Aim of the task
Please print, exactly, only the lines in the entries below from the line that has "大学英语四六级(CET)考试时间为6月15日,开考科目如下。" through the line that has "Next, the Defense". Pictures don't go in.

Data for this exercise
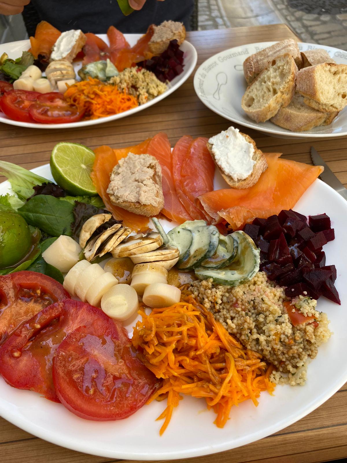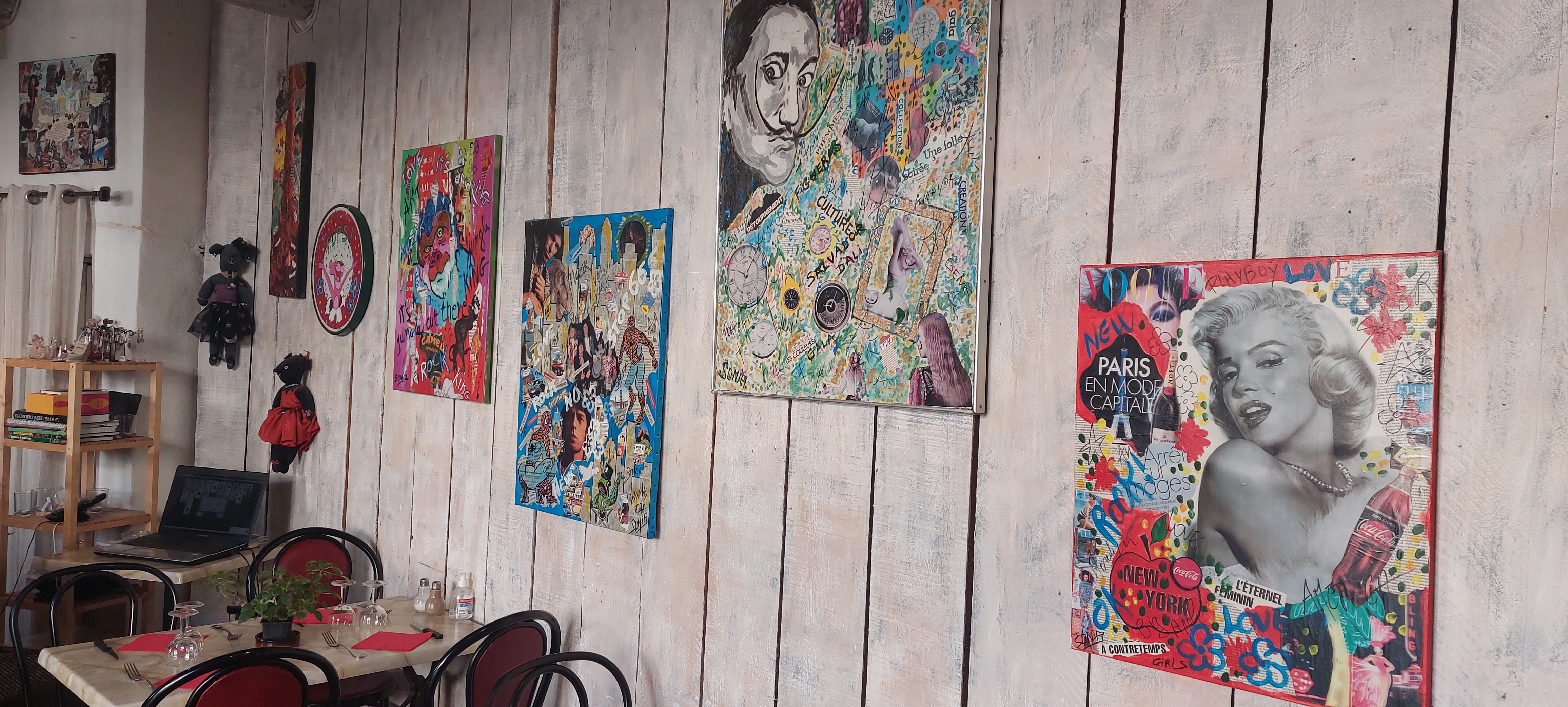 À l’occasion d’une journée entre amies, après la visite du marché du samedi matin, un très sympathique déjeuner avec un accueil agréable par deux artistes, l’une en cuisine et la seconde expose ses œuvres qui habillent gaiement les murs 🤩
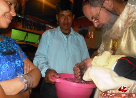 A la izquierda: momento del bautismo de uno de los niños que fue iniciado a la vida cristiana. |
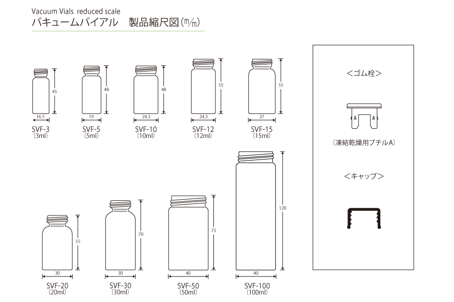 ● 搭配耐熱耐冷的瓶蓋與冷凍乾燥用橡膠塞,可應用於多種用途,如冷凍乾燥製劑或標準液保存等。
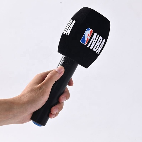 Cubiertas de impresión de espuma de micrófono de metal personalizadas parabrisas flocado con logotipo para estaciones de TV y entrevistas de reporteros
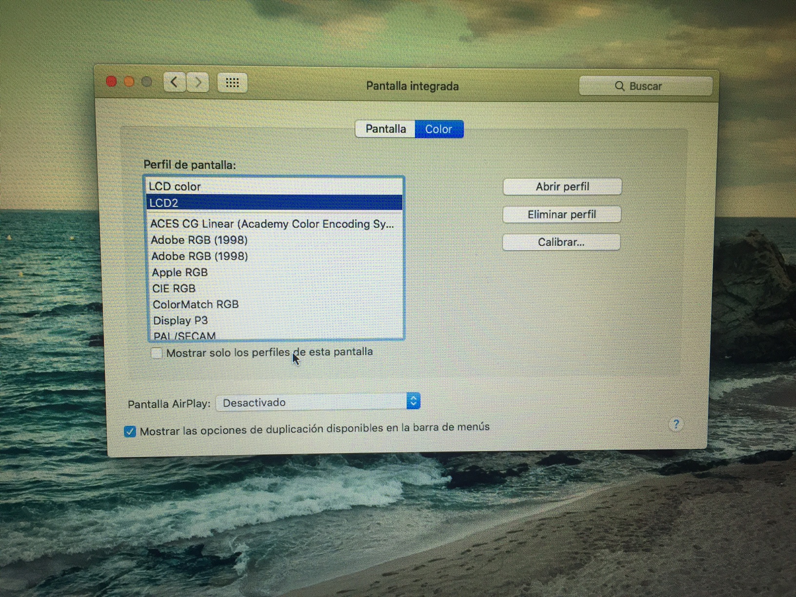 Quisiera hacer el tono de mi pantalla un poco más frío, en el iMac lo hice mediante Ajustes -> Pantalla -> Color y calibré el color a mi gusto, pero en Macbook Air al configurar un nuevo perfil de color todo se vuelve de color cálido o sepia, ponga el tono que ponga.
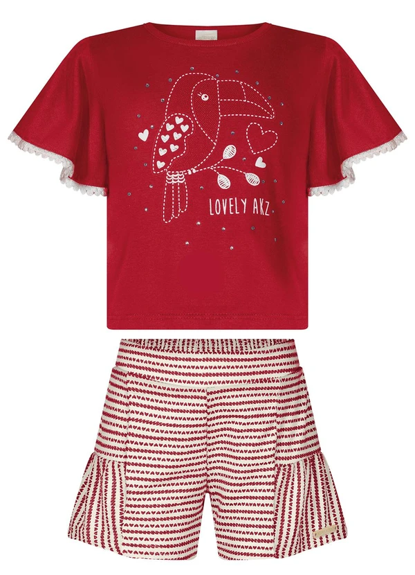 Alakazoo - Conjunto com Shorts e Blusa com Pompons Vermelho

--

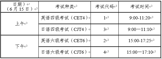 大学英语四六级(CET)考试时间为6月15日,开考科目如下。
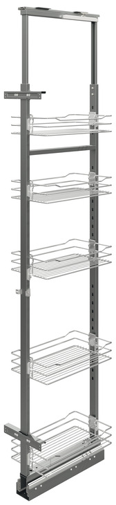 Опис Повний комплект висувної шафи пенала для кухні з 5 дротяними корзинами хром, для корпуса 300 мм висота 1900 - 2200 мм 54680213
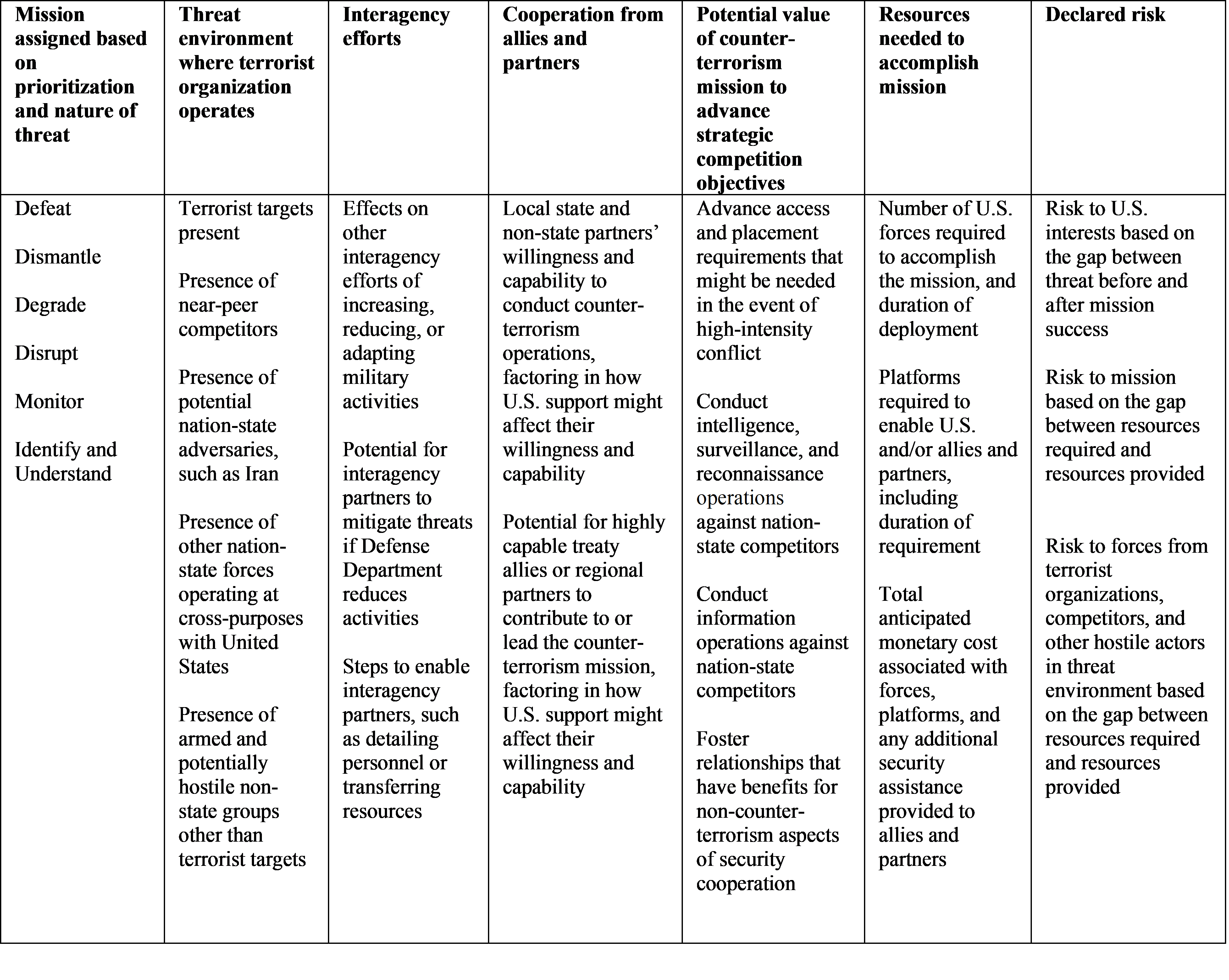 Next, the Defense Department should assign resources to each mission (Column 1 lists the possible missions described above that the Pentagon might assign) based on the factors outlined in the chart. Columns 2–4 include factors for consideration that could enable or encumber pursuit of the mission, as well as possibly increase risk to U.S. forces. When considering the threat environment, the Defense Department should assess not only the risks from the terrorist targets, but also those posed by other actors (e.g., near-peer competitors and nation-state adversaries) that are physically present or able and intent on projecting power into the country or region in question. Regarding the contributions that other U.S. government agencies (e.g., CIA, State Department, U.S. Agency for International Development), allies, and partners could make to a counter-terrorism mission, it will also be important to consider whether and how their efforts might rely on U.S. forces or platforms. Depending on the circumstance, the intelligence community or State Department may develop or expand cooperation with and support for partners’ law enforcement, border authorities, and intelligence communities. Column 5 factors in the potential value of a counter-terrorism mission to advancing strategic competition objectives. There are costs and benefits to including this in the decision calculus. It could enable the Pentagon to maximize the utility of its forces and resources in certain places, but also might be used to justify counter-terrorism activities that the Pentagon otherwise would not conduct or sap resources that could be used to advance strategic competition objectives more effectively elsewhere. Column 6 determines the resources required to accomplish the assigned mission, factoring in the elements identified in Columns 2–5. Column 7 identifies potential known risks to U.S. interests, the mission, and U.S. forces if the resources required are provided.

Answer to the problem
 大学英语四六级(CET)考试时间为6月15日,开考科目如下。
 Опис Повний комплект висувної шафи пенала для кухні з 5 дротяними корзинами хром, для корпуса 300 мм висота 1900 - 2200 мм 54680213
 Next, the Defense Department should assign resources to each mission (Column 1 lists the possible missions described above that the Pentagon might assign) based on the factors outlined in the chart. Columns 2–4 include factors for consideration that could enable or encumber pursuit of the mission, as well as possibly increase risk to U.S. forces. When considering the threat environment, the Defense Department should assess not only the risks from the terrorist targets, but also those posed by other actors (e.g., near-peer competitors and nation-state adversaries) that are physically present or able and intent on projecting power into the country or region in question. Regarding the contributions that other U.S. government agencies (e.g., CIA, State Department, U.S. Agency for International Development), allies, and partners could make to a counter-terrorism mission, it will also be important to consider whether and how their efforts might rely on U.S. forces or platforms. Depending on the circumstance, the intelligence community or State Department may develop or expand cooperation with and support for partners’ law enforcement, border authorities, and intelligence communities. Column 5 factors in the potential value of a counter-terrorism mission to advancing strategic competition objectives. There are costs and benefits to including this in the decision calculus. It could enable the Pentagon to maximize the utility of its forces and resources in certain places, but also might be used to justify counter-terrorism activities that the Pentagon otherwise would not conduct or sap resources that could be used to advance strategic competition objectives more effectively elsewhere. Column 6 determines the resources required to accomplish the assigned mission, factoring in the elements identified in Columns 2–5. Column 7 identifies potential known risks to U.S. interests, the mission, and U.S. forces if the resources required are provided.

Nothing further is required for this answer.